February 15, 2008 By John Fitzgerald, Education Policy Fellow

The racial achievement gap has bedeviled educators, lawmakers and community activists for decades. Many plans to close the gap have been tried, yet it still exists. In 2007, African-American students scored far below whites in national and state tests.

The gap is not new: Since 1990, Minnesota's African-American and Hispanic students have consistently scored well below whites in the National Assessment of Educational Progress.

Many attempts to close the gap have been launched. State Sen. Patricia Torres Ray is working on a plan to coordinate these efforts.

"The achievement gap affects so many people and the issue is so complex," she said. "People are desperate for action.
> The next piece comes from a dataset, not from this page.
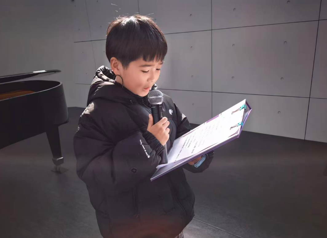今天“和平之声”展演活动的过程中,在志愿者的带领下,很多观众也自愿上台,参与主题诗歌朗诵。其中,来自江西的8岁小朋友朱璟玟主动上台,朗诵了诗歌《紫金草》。“战争真的很可怕,我们一定要爱护和平,还要铭记历史。”虽然年纪小,但朱璟玟的发言却格外有力,她用自己稚嫩的童声,表达出了对历史的敬畏和对和平的向往。

This legislation would coordinate efforts and put the state to work fighting the achievement gap."

She said the state's school superintendents encouraged her to put the idea forward.

"We have tended to take the shotgun approach rather than having a concentrated effort against the achievement gap," said Charlie Kyte, executive director of the Minnesota Association of School Administrators. "We need to have all kids at all levels be successful and offer no excuses."
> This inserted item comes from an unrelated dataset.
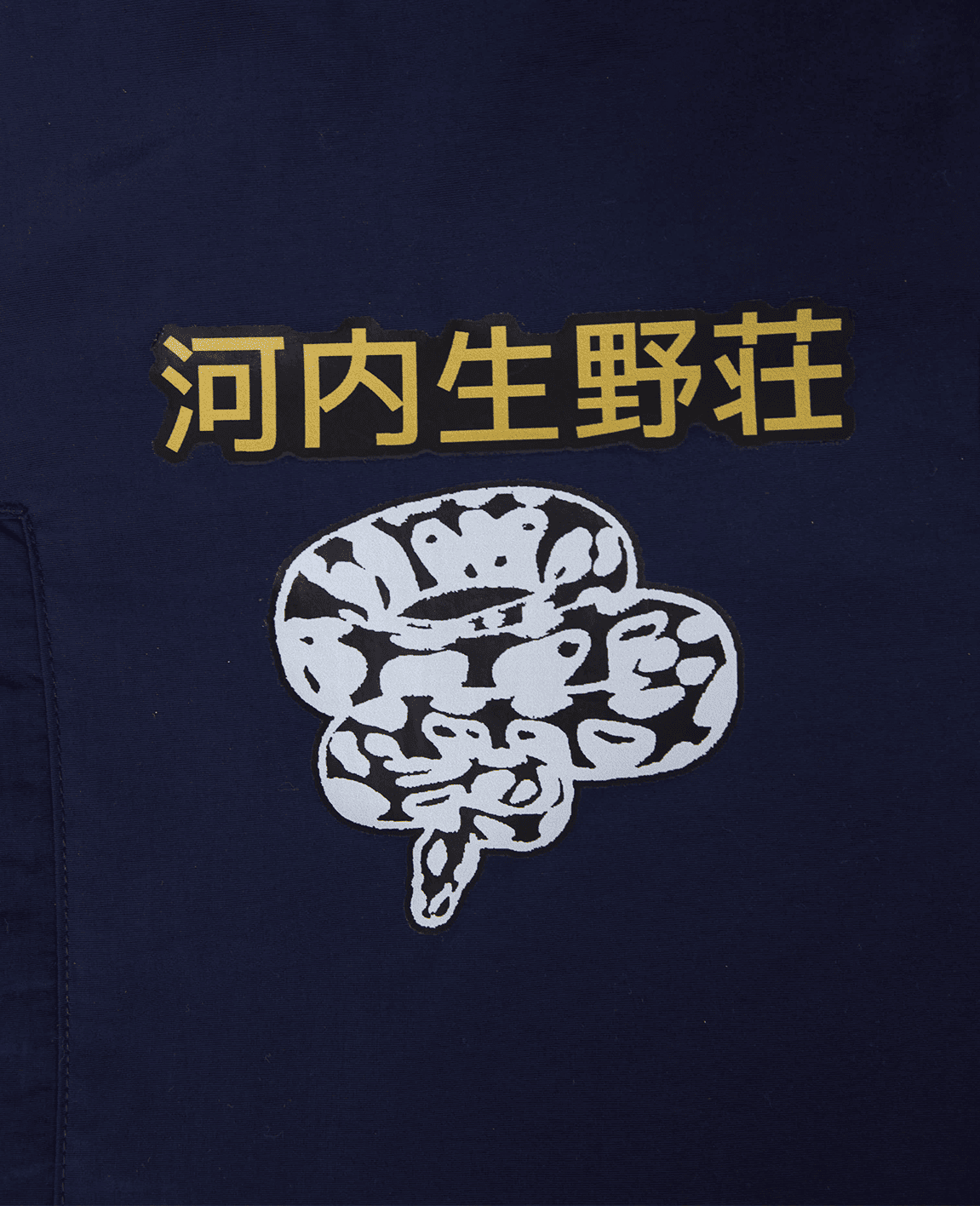 制服用のアウターの左胸にワンポイントプリントのご注文を頂きました。複雑な模様が印象的なヘビのマークは、隙間部分を埋めて圧着の強度を確保しています。

Under Torres Ray's bill, districts would submit plans to the Legislature to attack the gap using proven research and best practices. They would also provide a reliable way to measure results.

"There are all sorts of ways to increase educational achievement, but there's no way to measure the results," Torres Ray said. "There are different plans to deal with the achievement gap. We need a way to measure the results collectively."
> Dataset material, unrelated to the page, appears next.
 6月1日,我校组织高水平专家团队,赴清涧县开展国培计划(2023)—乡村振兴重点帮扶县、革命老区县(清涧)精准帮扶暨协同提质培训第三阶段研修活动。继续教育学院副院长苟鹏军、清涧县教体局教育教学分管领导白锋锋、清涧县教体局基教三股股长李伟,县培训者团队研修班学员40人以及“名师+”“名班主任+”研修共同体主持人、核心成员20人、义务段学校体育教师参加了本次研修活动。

The project would be voluntary, but districts that are accepted into the program would eventually get money to implement their plans - if the money's available. That's a big if.

"We're entering this process at a time when there's very limited funding," Torres Ray said. Her goal is to get enough money to begin the project this year. If it shows results, funding won't be a problem going forward, she added.

That's good news for superintendents. Most are facing funding problems of their own. "There are 300 districts in cutback mode," Kyte said. "Resources are a problem."

Torres Ray's proposal is based on a framework created by superintendents called Minnesota's Promise. The project, started in 2005, suggests 10 strategies to coordinate school improvements. "Each strategy offers a number of suggestions that can be accomplished at a state level, district level and the community level to help the process along," Kyte said.

The 10 strategies dovetail with Torres Ray's plan. "We will build on these strategies to plan a predictable and measurable way to address the problem built on proven research," she said.

Closing the achievement gap is vital to ensuring all Minnesota students have an opportunity to succeed.